**Exercise:**
In the material below, find the line containing "英語は、「実体験を通して学ぶ" and the line containing "Эта горка —". Output those two lines and all lines between them exactly, without pictures.

**Material shown:**

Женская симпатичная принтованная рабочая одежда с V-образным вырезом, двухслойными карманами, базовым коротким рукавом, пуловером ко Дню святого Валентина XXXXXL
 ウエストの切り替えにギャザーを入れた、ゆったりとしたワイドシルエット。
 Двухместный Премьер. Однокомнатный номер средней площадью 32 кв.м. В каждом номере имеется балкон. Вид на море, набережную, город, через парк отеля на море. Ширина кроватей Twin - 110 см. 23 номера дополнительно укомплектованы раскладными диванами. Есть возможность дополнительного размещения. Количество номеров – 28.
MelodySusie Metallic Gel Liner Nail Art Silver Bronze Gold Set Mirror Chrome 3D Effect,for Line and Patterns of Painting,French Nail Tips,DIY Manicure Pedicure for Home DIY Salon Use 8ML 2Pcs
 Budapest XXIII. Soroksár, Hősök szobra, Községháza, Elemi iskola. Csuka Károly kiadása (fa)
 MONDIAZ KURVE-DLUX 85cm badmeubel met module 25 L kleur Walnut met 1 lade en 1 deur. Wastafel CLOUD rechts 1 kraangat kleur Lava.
---
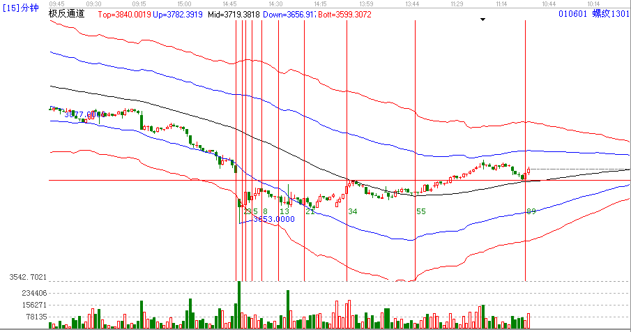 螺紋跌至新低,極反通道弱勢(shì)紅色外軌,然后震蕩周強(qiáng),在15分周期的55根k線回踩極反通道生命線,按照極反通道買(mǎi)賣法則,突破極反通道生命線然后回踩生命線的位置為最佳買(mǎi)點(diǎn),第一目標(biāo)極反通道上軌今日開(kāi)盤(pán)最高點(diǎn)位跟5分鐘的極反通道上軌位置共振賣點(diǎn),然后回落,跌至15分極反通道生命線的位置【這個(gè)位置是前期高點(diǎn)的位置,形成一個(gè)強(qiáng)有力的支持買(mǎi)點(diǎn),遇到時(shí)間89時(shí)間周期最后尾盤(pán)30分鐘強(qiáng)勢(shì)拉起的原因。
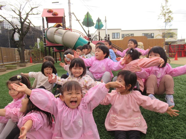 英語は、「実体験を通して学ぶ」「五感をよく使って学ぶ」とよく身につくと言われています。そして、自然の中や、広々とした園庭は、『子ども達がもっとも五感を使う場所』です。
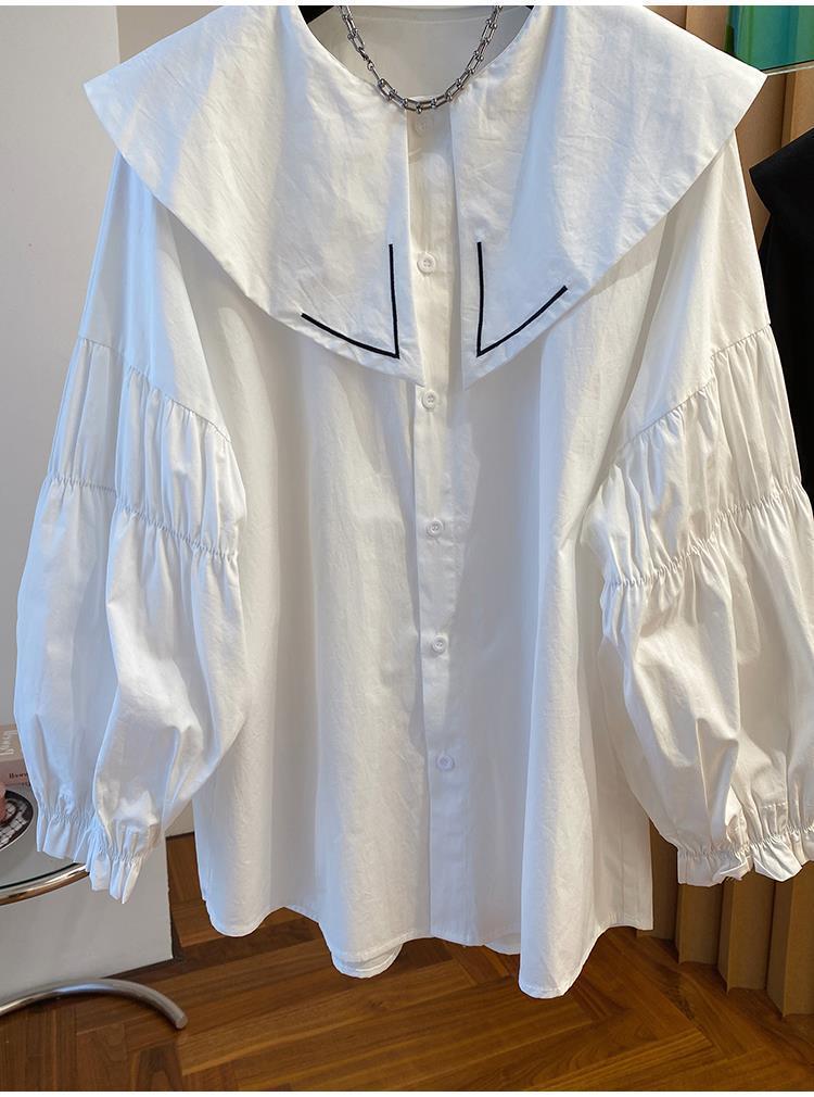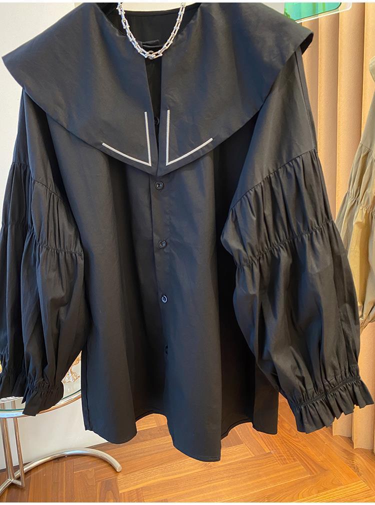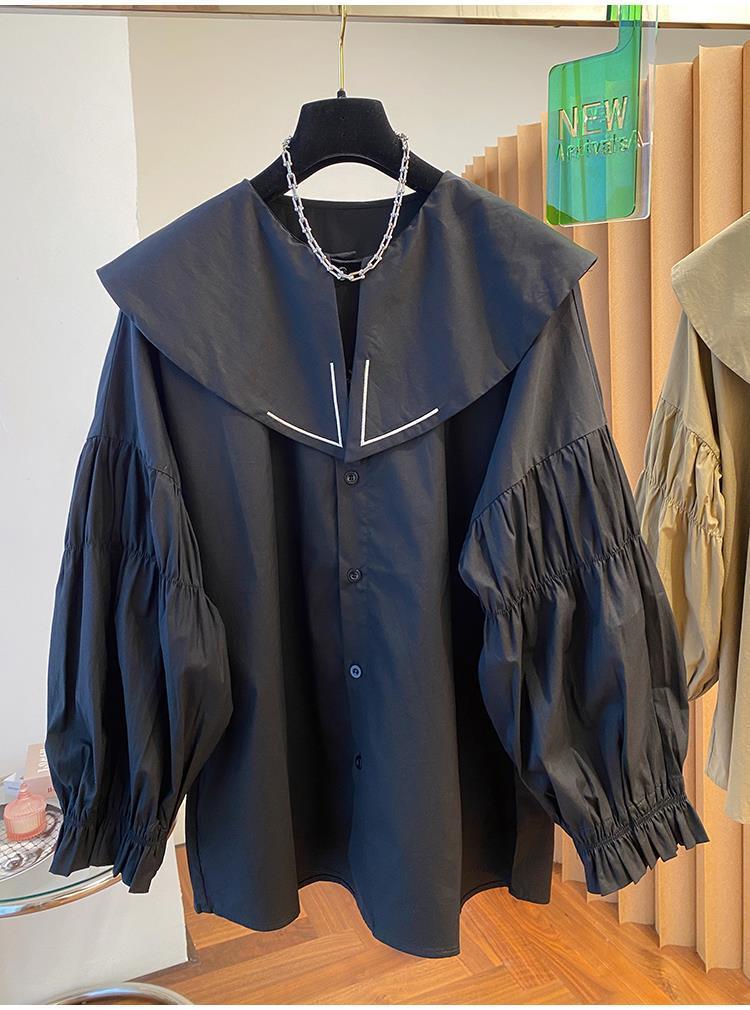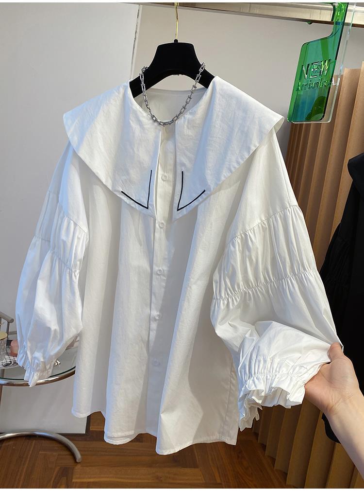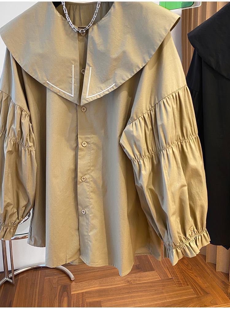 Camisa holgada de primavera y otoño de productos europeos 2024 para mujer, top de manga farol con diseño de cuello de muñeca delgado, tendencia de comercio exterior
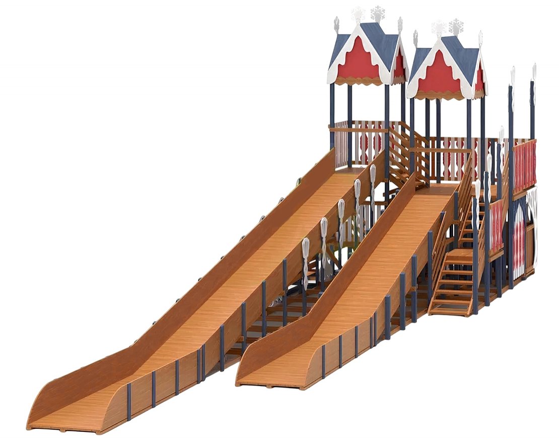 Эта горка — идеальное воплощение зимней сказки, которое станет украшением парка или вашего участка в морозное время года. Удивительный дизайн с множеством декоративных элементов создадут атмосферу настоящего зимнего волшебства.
...
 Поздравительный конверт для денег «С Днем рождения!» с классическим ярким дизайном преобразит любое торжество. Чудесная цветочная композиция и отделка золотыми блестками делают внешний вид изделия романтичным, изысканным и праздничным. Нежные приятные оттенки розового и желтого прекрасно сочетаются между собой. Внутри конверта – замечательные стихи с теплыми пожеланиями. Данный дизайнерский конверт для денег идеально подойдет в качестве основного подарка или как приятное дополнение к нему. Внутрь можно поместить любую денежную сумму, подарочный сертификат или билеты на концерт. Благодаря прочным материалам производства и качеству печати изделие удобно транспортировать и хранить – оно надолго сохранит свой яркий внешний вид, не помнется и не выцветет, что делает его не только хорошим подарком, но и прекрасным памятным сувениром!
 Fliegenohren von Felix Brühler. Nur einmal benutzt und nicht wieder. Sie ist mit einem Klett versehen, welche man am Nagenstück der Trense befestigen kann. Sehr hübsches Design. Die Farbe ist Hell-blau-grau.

**Answer to this exercise:**
 英語は、「実体験を通して学ぶ」「五感をよく使って学ぶ」とよく身につくと言われています。そして、自然の中や、広々とした園庭は、『子ども達がもっとも五感を使う場所』です。
 Camisa holgada de primavera y otoño de productos europeos 2024 para mujer, top de manga farol con diseño de cuello de muñeca delgado, tendencia de comercio exterior
 Эта горка — идеальное воплощение зимней сказки, которое станет украшением парка или вашего участка в морозное время года. Удивительный дизайн с множеством декоративных элементов создадут атмосферу настоящего зимнего волшебства.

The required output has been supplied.